▶ _Your task_:
Start to finish, print the data below exactly, without the images.

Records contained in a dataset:

- - - - -

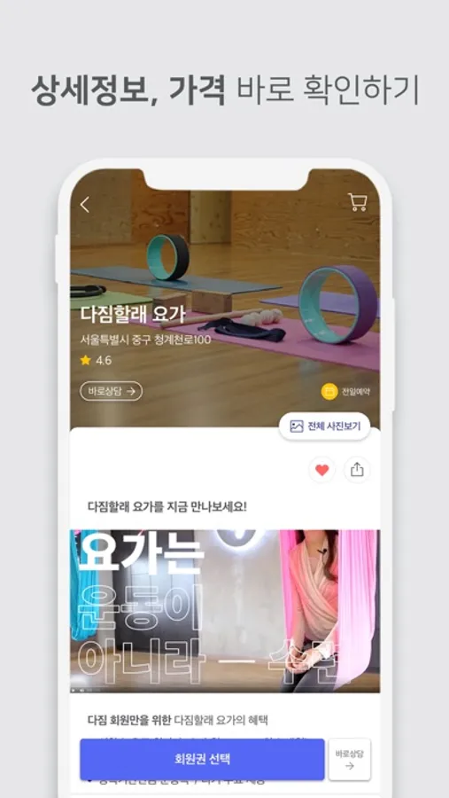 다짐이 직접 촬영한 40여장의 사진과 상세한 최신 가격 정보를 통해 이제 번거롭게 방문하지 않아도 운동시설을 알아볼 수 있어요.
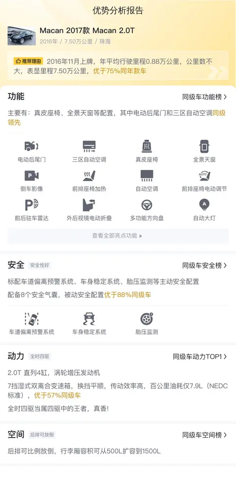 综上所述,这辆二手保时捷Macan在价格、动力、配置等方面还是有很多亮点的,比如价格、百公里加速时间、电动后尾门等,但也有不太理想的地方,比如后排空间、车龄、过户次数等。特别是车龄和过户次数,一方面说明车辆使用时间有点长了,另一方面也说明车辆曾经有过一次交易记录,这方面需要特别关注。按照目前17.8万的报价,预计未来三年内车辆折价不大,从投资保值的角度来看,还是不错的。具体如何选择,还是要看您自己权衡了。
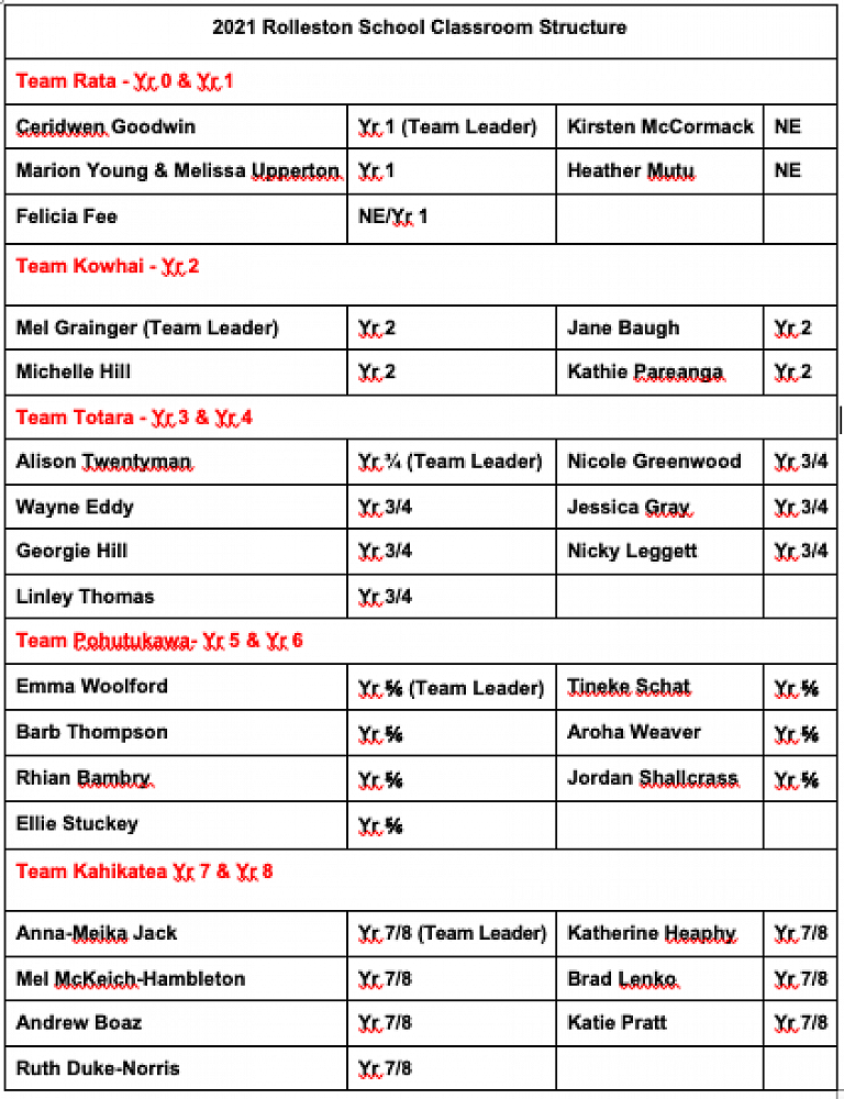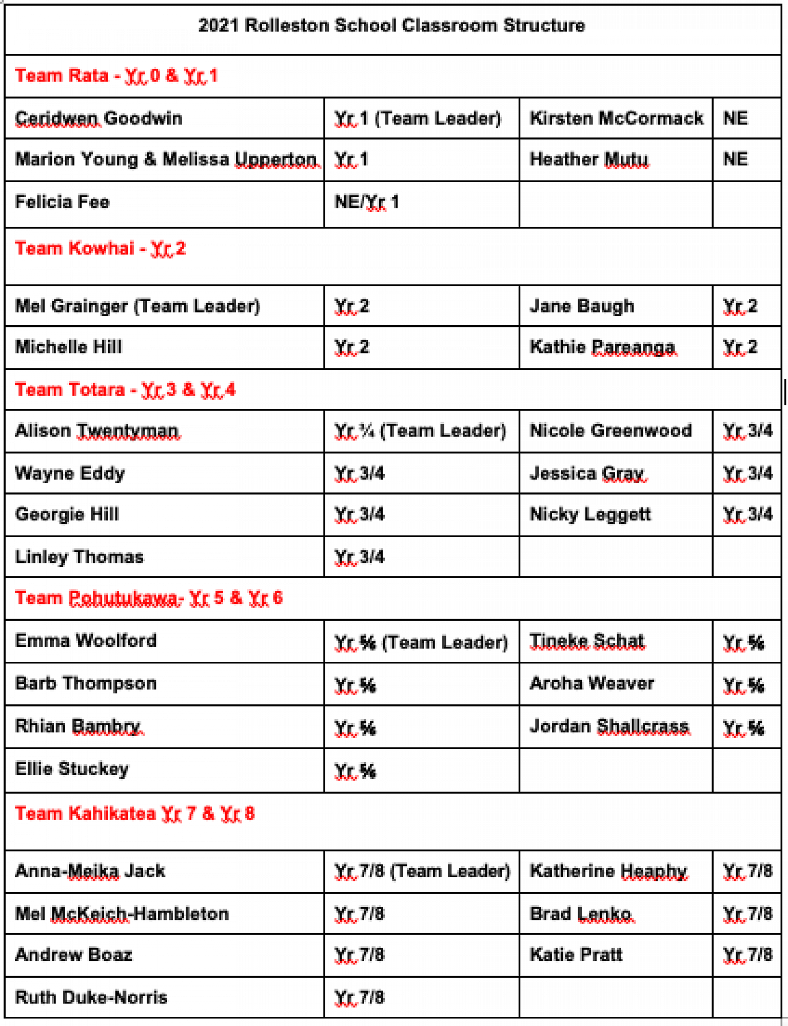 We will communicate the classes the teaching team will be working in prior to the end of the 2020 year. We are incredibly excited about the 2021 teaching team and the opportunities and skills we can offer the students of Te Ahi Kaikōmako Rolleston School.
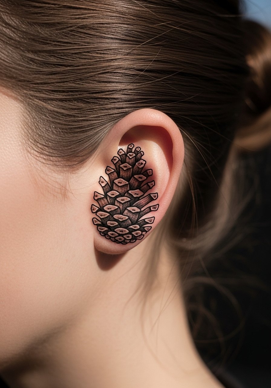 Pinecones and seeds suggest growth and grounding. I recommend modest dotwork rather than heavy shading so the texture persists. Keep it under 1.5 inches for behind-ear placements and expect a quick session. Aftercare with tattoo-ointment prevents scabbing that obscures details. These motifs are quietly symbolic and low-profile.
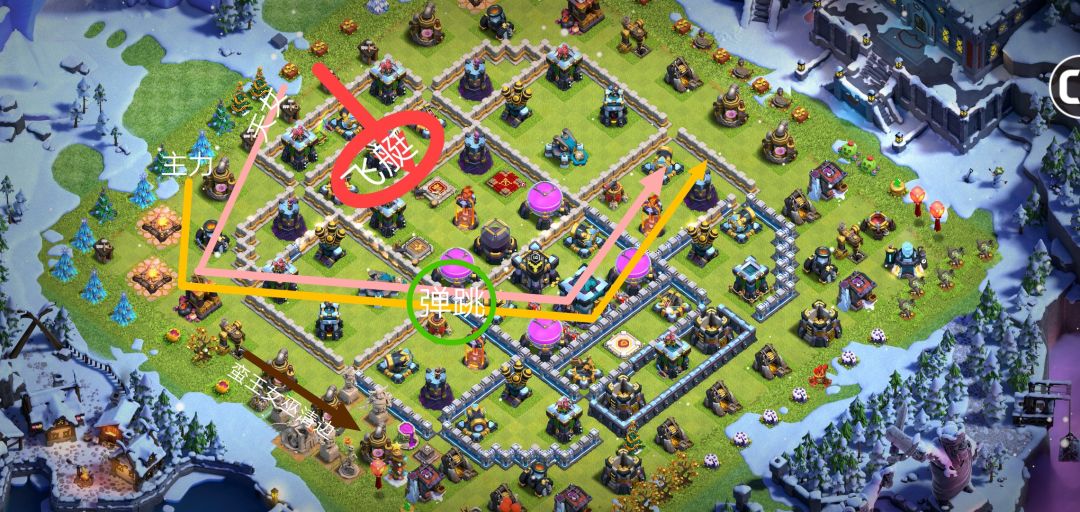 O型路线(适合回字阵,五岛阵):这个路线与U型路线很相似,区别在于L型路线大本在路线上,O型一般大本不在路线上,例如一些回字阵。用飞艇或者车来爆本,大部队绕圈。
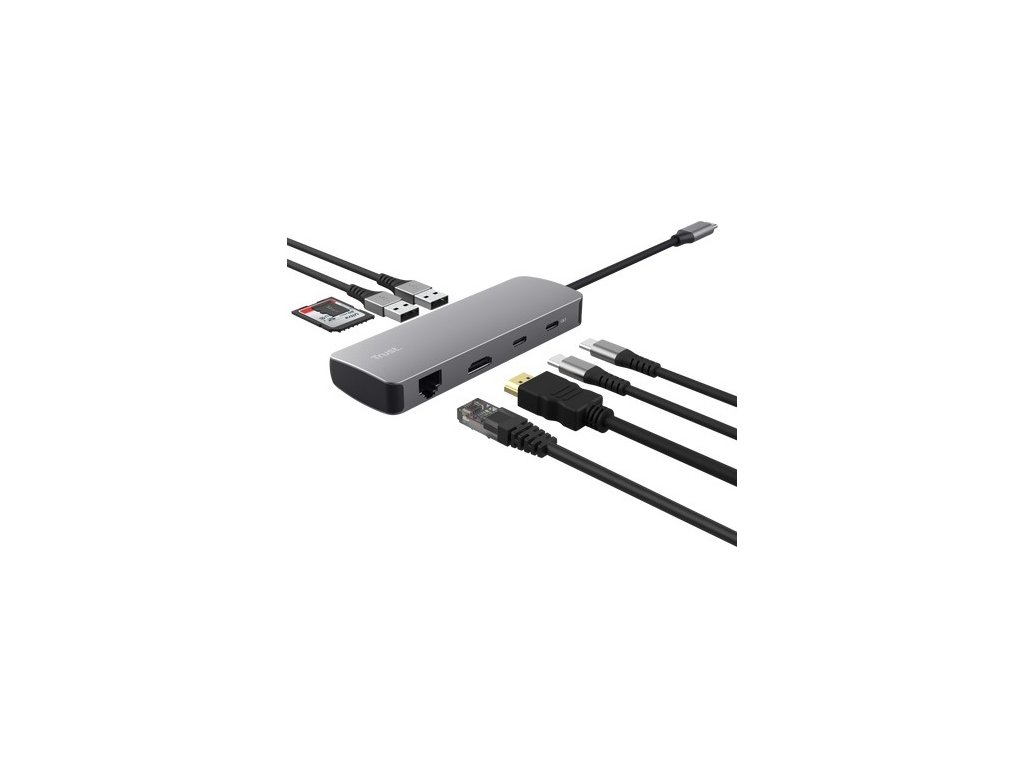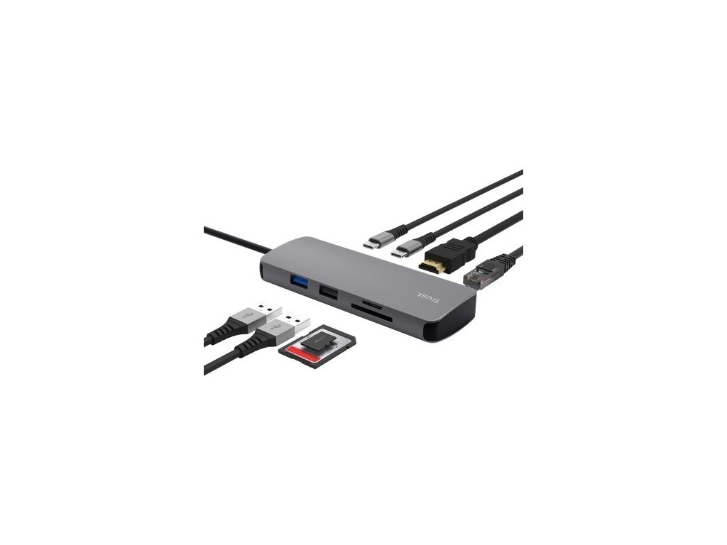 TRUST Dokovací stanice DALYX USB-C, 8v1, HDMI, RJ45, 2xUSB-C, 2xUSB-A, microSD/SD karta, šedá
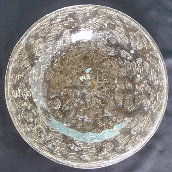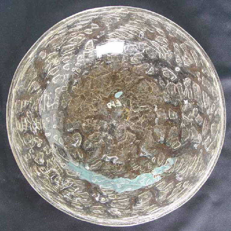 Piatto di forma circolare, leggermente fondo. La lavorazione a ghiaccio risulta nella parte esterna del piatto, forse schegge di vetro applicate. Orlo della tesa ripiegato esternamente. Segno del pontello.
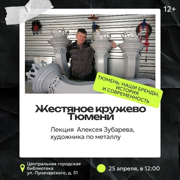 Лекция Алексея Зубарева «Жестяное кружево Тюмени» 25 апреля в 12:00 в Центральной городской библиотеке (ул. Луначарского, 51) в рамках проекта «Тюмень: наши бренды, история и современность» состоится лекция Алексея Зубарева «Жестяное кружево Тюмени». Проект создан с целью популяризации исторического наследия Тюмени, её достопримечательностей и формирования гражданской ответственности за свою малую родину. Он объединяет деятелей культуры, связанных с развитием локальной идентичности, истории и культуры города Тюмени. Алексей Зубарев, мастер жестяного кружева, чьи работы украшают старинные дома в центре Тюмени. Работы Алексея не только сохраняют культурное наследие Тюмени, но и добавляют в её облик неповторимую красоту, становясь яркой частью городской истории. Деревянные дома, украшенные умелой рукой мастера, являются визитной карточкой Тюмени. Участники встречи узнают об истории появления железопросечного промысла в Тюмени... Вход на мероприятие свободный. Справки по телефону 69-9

- - - - -

▶ _Task output_:
 다짐이 직접 촬영한 40여장의 사진과 상세한 최신 가격 정보를 통해 이제 번거롭게 방문하지 않아도 운동시설을 알아볼 수 있어요.
 综上所述,这辆二手保时捷Macan在价格、动力、配置等方面还是有很多亮点的,比如价格、百公里加速时间、电动后尾门等,但也有不太理想的地方,比如后排空间、车龄、过户次数等。特别是车龄和过户次数,一方面说明车辆使用时间有点长了,另一方面也说明车辆曾经有过一次交易记录,这方面需要特别关注。按照目前17.8万的报价,预计未来三年内车辆折价不大,从投资保值的角度来看,还是不错的。具体如何选择,还是要看您自己权衡了。
 We will communicate the classes the teaching team will be working in prior to the end of the 2020 year. We are incredibly excited about the 2021 teaching team and the opportunities and skills we can offer the students of Te Ahi Kaikōmako Rolleston School.
 Pinecones and seeds suggest growth and grounding. I recommend modest dotwork rather than heavy shading so the texture persists. Keep it under 1.5 inches for behind-ear placements and expect a quick session. Aftercare with tattoo-ointment prevents scabbing that obscures details. These motifs are quietly symbolic and low-profile.
 O型路线(适合回字阵,五岛阵):这个路线与U型路线很相似,区别在于L型路线大本在路线上,O型一般大本不在路线上,例如一些回字阵。用飞艇或者车来爆本,大部队绕圈。
 TRUST Dokovací stanice DALYX USB-C, 8v1, HDMI, RJ45, 2xUSB-C, 2xUSB-A, microSD/SD karta, šedá
 Piatto di forma circolare, leggermente fondo. La lavorazione a ghiaccio risulta nella parte esterna del piatto, forse schegge di vetro applicate. Orlo della tesa ripiegato esternamente. Segno del pontello.
 Лекция Алексея Зубарева «Жестяное кружево Тюмени» 25 апреля в 12:00 в Центральной городской библиотеке (ул. Луначарского, 51) в рамках проекта «Тюмень: наши бренды, история и современность» состоится лекция Алексея Зубарева «Жестяное кружево Тюмени». Проект создан с целью популяризации исторического наследия Тюмени, её достопримечательностей и формирования гражданской ответственности за свою малую родину. Он объединяет деятелей культуры, связанных с развитием локальной идентичности, истории и культуры города Тюмени. Алексей Зубарев, мастер жестяного кружева, чьи работы украшают старинные дома в центре Тюмени. Работы Алексея не только сохраняют культурное наследие Тюмени, но и добавляют в её облик неповторимую красоту, становясь яркой частью городской истории. Деревянные дома, украшенные умелой рукой мастера, являются визитной карточкой Тюмени. Участники встречи узнают об истории появления железопросечного промысла в Тюмени... Вход на мероприятие свободный. Справки по телефону 69-9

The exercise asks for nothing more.